Marshall Anthony Jr., senior policy analyst for Higher Education at the Center for American Progress, testified on the importance of expanding access to higher education before the House Ways and Means Committee on June 29, 2021.1
Chairperson Pascrell, Ranking Member Kelly, and members of the subcommittee, thank you for the opportunity to testify today. I appear before you as a researcher on higher education, but I have also lived the failures of the higher education system.
As a young, Black man from a low-income, single-parent household, I received the maximum Pell Grant throughout my undergraduate studies to help pay for college. But I did not have enough financial aid to cover other necessities such as housing, food, textbooks, or transportation. That meant when I should have been sleeping, I spent countless nights staring at the ceiling worrying about expensive course materials that professors required me to purchase. It also meant canceling my meal plan in order to pay for gas to get to campus and participate in internships. And it even meant chipping in at times to help my family cover a utility bill.
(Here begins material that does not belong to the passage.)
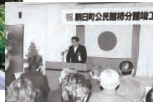
▲朝日町公民館柿分館竣工式(平成3年)
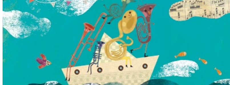
Il·lustració África Fanto

Dimarts 14 o dimecres 15 de gener de 2010 de 15h a 18h a la Sala 3 -Tete Montoliu

Through hard work, yes, but also a great deal of good fortune, I made it here before you today. But far too many other Black, brown, low-income, and disabled college students never make it to the graduation stage to collect a diploma—including those very close to me.
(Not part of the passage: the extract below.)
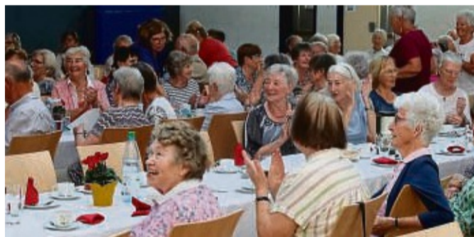
Volles Haus: Auch die 32. Auflage des Seniorennachmittags in der Dransfelder Stadthalle war wieder gut besucht.

niorenkreise, „die maßgeblichen Anteil am Gelingen einer solchen Veranstaltung haben“. Und gelungen

A large portion of college students today are also, in many cases, working adults who are attending college part time and raising children.2 Like some of my family members, classmates, and students I’ve taught, they are juggling demands that would strike you or me as nearly impossible—all in a desire to give their family a better life.
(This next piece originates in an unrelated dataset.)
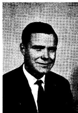
De nieuwe voorzitter

MAANDBLAD VAN DE ONAFHANKELIJKE LIBERALE JONGEREN ORGANISATIE VRIJHEID EN DEMOCRATIE
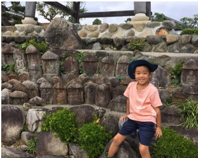
在土名物「お地蔵さん」

Never has a college degree been more necessary to make it in this country. Nearly two-thirds of jobs require some form of postsecondary education, and yet our higher education system is not equipped to do its job.3 Consider these four troubling facts:
- First, the Pell Grant is not what it used to be. Pell is the cornerstone federal aid program for students from low-income backgrounds to help them pay for college. At its peak, close to 50 years ago, Pell once covered nearly 80 percent of the cost of attendance at public four-year institutions.4 Today, the maximum Pell award covers less than one-third of the average cost of tuition, fees, and room and board.5
- Second, if you think students today can work their way through college, think again. In 47 states, on top of any and all financial aid they receive, low-income students need to work more than 15 hours per week to pay for a public four-year education.6 This is an issue because studies suggest that working over that threshold can slow students’ progress toward a degree or force them to leave college altogether.7
- Third, community colleges operate on only half the revenue that public four-year institutions receive.8 This means that community colleges don’t have the resources they need to adequately serve low-income students as well as Black and Latinx students who are more likely to attend community colleges.9
- And fourth, even before the pandemic, public higher education was already in deep trouble. When the pandemic began, only 18 states had fully recovered from cuts made in the wake of the Great Recession.10
These are just a few of the reasons why so many students leave college with no degree and debt they cannot repay.11 Black borrowers—who are hard hit by employment discrimination12 and have nearly 10 times less wealth than white families13—are most likely to suffer.14
The system has failed too many students. The ability to graduate should not be conditioned on a student having good fortune! But we’ve created and perpetuated a system where that unfortunate reality has been the standard for far too long.
The United States can and should do better.
I ask you today to reinvest in an equitable American dream by better supporting college students, limiting debt, and investing in community colleges and public four-year institutions in order to build a higher education system that works for people from all walks of life.
Thank you again for the opportunity to testify, and I look forward to answering your questions.